19 commonly used artificial intelligence interview questions. As an artificial intelligence engineer, how much do you know?

1. What is the definition of artificial intelligence?

Answer: Artificial Intelligence (AI for short) is a technology and science that simulates human intelligence. It involves various fields, including machine learning, natural language processing, computer vision, speech recognition, decision trees, etc. The goal of artificial intelligence is to enable computers to have human-like intelligence and be able to think, learn, reason and make decisions autonomously. Artificial intelligence has a wide range of applications, including smart homes, autonomous driving, medical diagnosis, financial risk control, intelligent customer service, etc. The development of artificial intelligence technology is of great significance to promoting social and economic development and the improvement of human life.

2. What is machine learning?

Answer: Machine learning is a branch of artificial intelligence. It refers to the ability of a computer system to automatically complete certain tasks or improve certain performance by learning and training data. Simply put, machine learning allows computers to automatically learn and improve their abilities based on existing data and experience without explicitly writing instructions. The main purpose of machine learning is to enable computers to make decisions and predictions autonomously, thereby achieving the capabilities of autonomous learning and decision-making. Machine learning has a wide range of applications in various fields, such as natural language processing, computer vision, speech recognition, recommendation systems, financial risk control, medical diagnosis, etc.

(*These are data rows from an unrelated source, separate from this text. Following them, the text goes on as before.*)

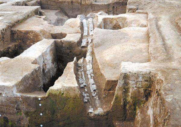 其中,考古学家最早发现的是南城门“门卫房”通道下的一组陶排水管。这组陶排水管和沟渠位于南门门道的路面之下。首先在门道下挖一条城内高城外低并且上宽下窄的沟渠,然后在沟底铺一条节节相套的陶排水管道,其上再并列铺设两条同样规格的陶排水管道,形成一个“倒品字形”的管道组合,然后用料礓石(就是黄土中自然形成的钙质结核)和土将沟渠和陶管道填埋起来,上面再铺设掺和了小石子和碎陶片的进出城门的路面。
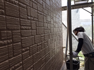 こちらの施工は、砂状仕上げ(シリコン系)を行い、最終クリヤーまで塗布するという施工内容でした。計6回施工仕様。
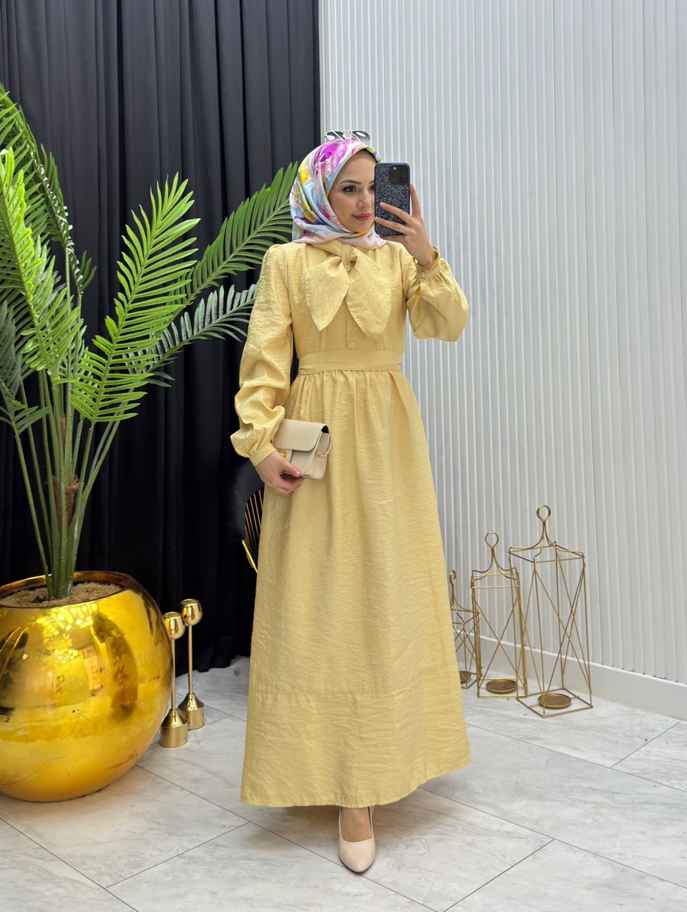 Fularlı Elbise Sarı Sarı

3. What is a neural network?

Answer: Neural network is a computational model that simulates the human nervous system. It simulates the interaction and information transmission process between neurons in the human brain. Neural networks can continuously improve their accuracy and precision through training and learning, thereby achieving various complex tasks, such as image recognition, speech recognition, natural language processing, etc. The neural network model is composed of multiple neurons. Each neuron receives multiple input signals, then weights and sums these input signals through an activation function, and finally outputs a result. The training process of neural networks is usually implemented through the back-propagation algorithm, which can automatically adjust the connection weights between neurons, so that the neural network can predict and classify more accurately. Neural networks have extensive applications in the field of artificial intelligence and are the basis of deep learning.

4. What is deep learning?

Answer: Deep learning is a machine learning method that simulates the structure and function of the human nervous system and uses multi-layer neural networks to learn and extract features of data to achieve various intelligent tasks, such as image recognition and speech. Recognition, natural language processing, etc. Compared with traditional machine learning methods, deep learning has stronger adaptive and generalization capabilities, and can automatically learn and discover patterns from large amounts of data, thereby achieving more accurate and efficient prediction and classification. The core of deep learning is the neural network. Through the connections and weight adjustments between multiple layers of neurons, efficient extraction and learning of data features can be achieved. Deep learning has been widely used in image recognition, speech recognition, natural language processing, intelligent recommendation and other fields, and is one of the important research directions in the field of artificial intelligence.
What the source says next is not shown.